Proposed Solution: Joint Flashback Adaptation
To tackle the challenges associated with catastrophic forgetting, our research introduces a novel approach known as Joint Flashback Adaptation. This method focuses on two primary features:
- Flashbacks: A limited set of prompts from prior tasks are utilized during the adaptation of new tasks. This mechanism allows the model to retain essential information from old tasks while learning new ones.
- Latent Task Interpolation: Our method interpolates between flashbacks and new tasks, facilitating the joint learning of relevant latent tasks. This approach significantly alleviates data sparsity issues that arise with flashbacks and enhances knowledge sharing, leading to smoother adaptations.
Key Advantages
The Joint Flashback Adaptation technique offers several advantages:
- Requires only a limited number of flashbacks, which reduces the need for extensive replay data.

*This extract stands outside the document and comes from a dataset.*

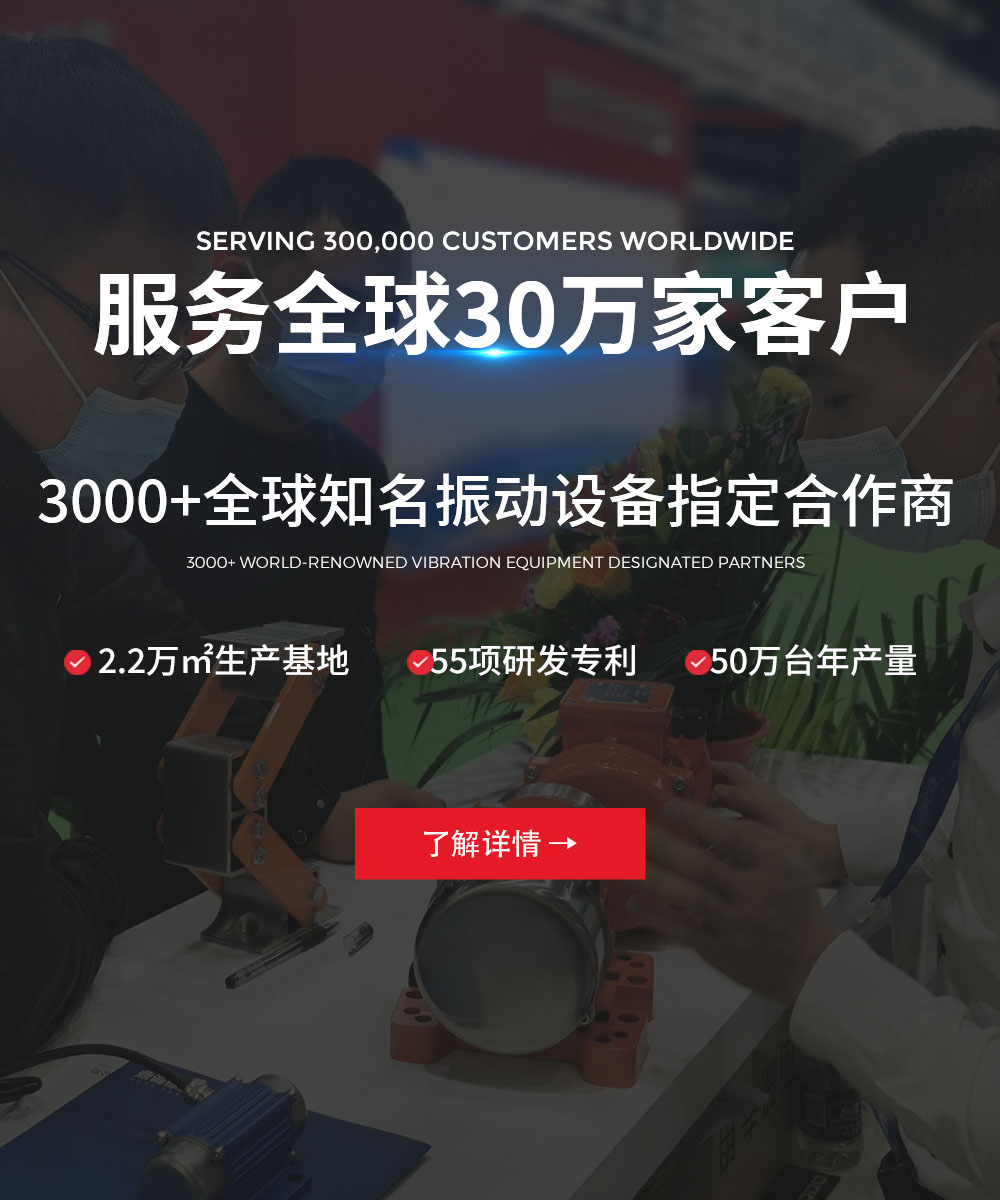 01 30年行業沉淀 · 實力廠家 振動電機設備贏領者
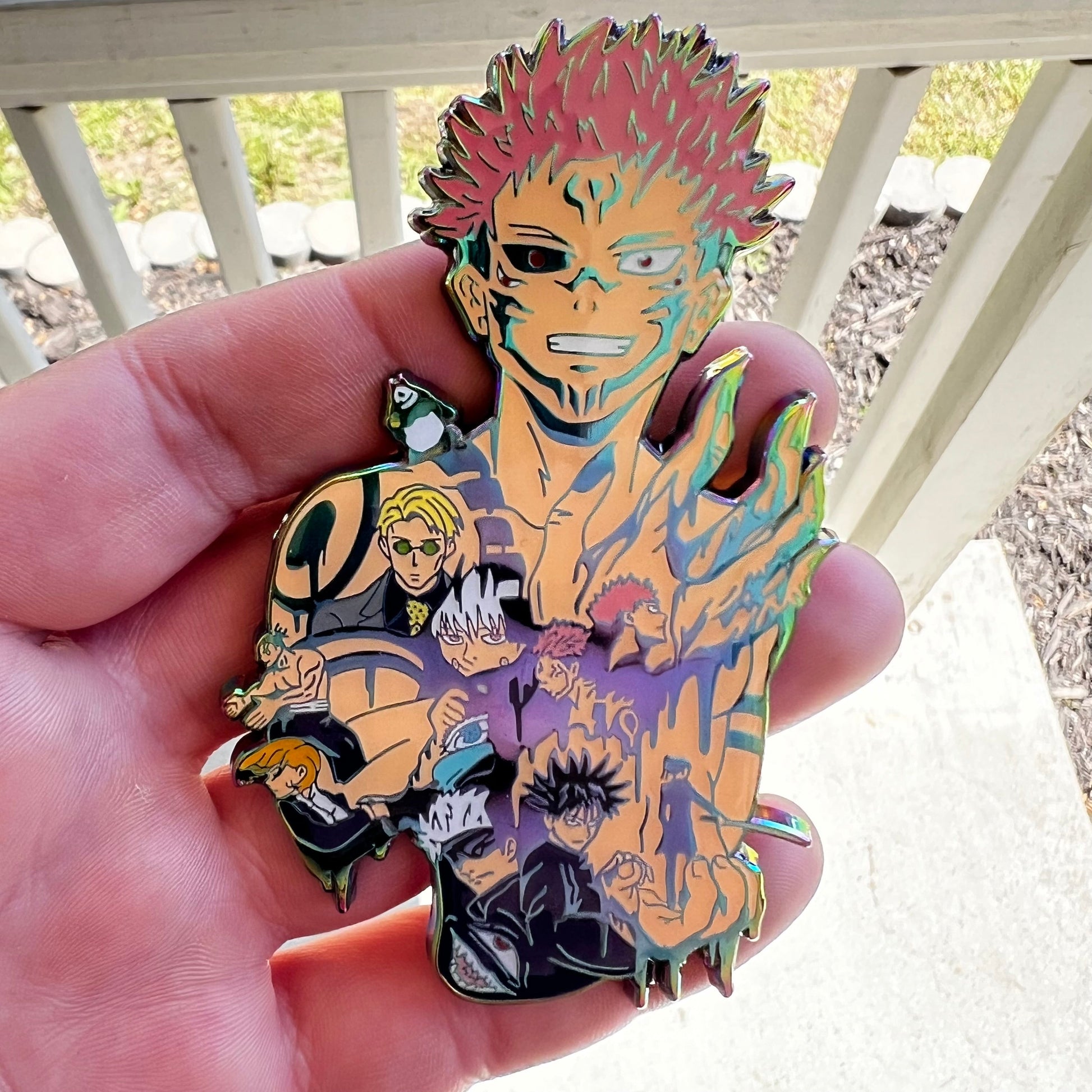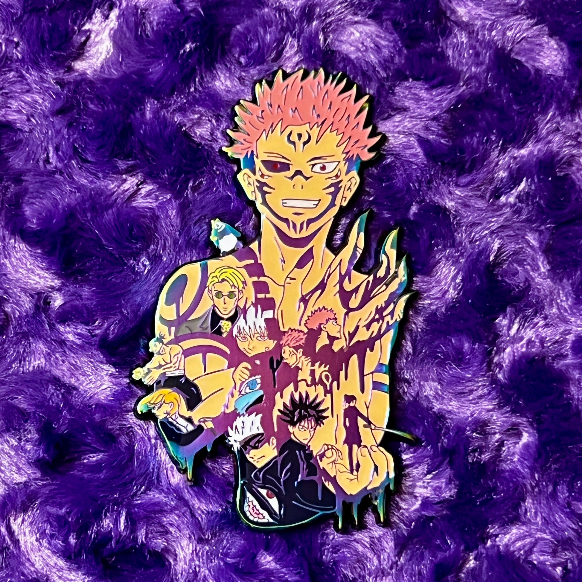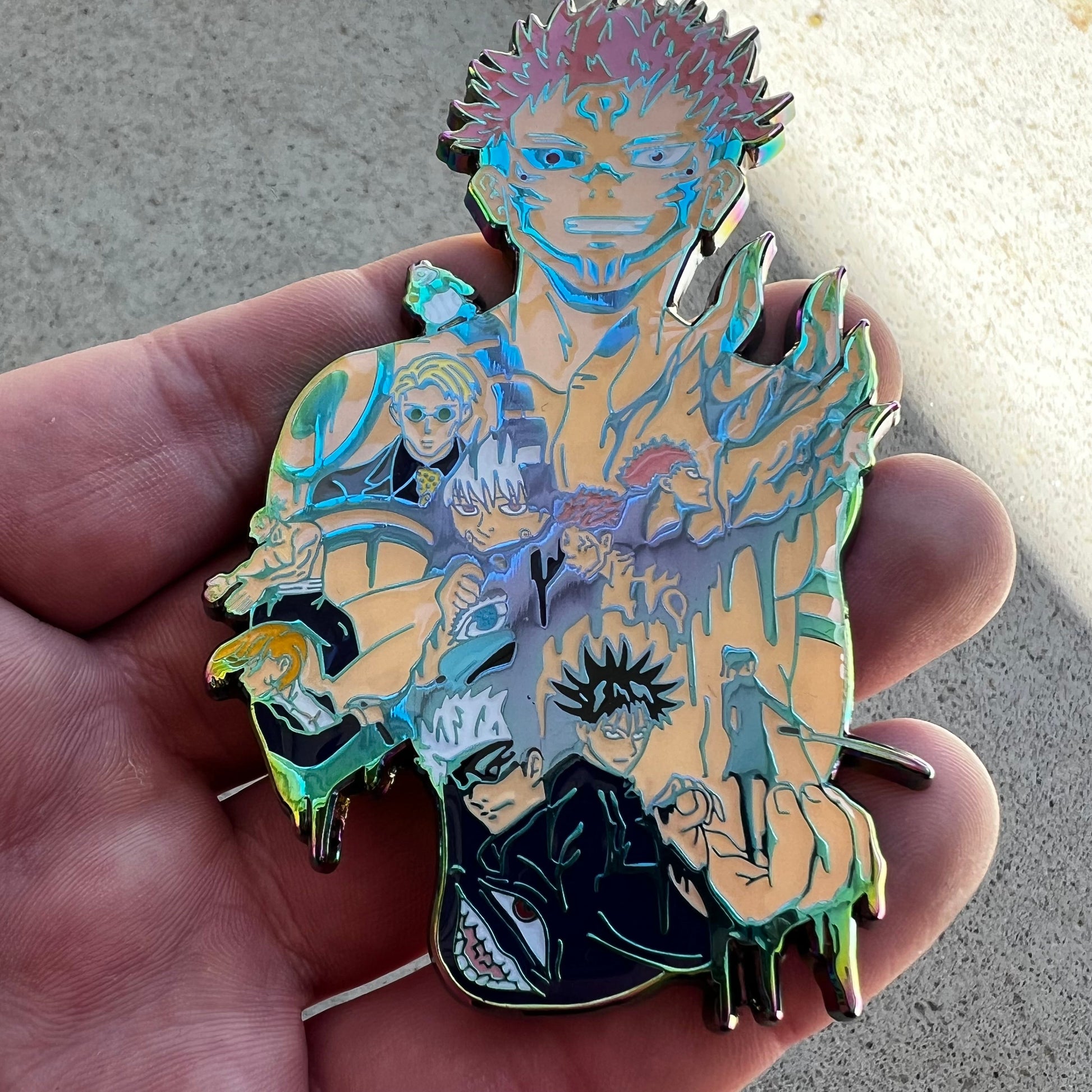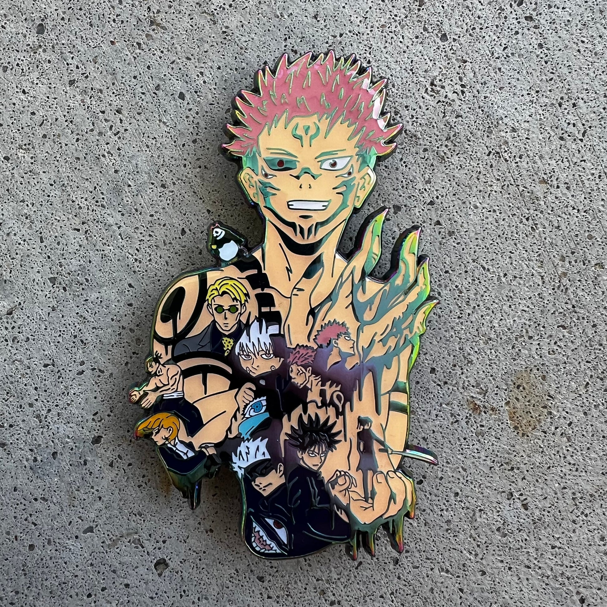 This pin captures the essence of jujutsu sorcery with its impressive 4-inch height, rainbow metal finish that shifts colors like cursed energy, and green glow that illuminates in darkness. Whether you're displaying it in your collection or wearing it to conventions, this pin commands attention and showcases your dedication to one of anime's most legendary series.

- Is task-agnostic, making it applicable across various domains without specific adjustments.
- Enhances generalization on new tasks while minimizing the forgetting of previously learned tasks.
Experimental Validation
Our approach was rigorously tested on state-of-the-art large language models across a diverse set of tasks, including over 1000 instruction-following tasks, arithmetic reasoning tasks, and general reasoning tasks. The experimental results showcase the effectiveness of Joint Flashback Adaptation in improving model performance, demonstrating a significant reduction in forgetting while enhancing the ability to generalize to new tasks.
Conclusion
In conclusion, Joint Flashback Adaptation represents a significant advancement in the ongoing battle against catastrophic forgetting in large language models. By leveraging flashbacks and latent task interpolation, our method not only preserves knowledge from old tasks but also facilitates the smooth integration of new tasks. This innovative approach has the potential to reshape how models learn and adapt in real-world scenarios, paving the way for more robust and efficient machine learning systems.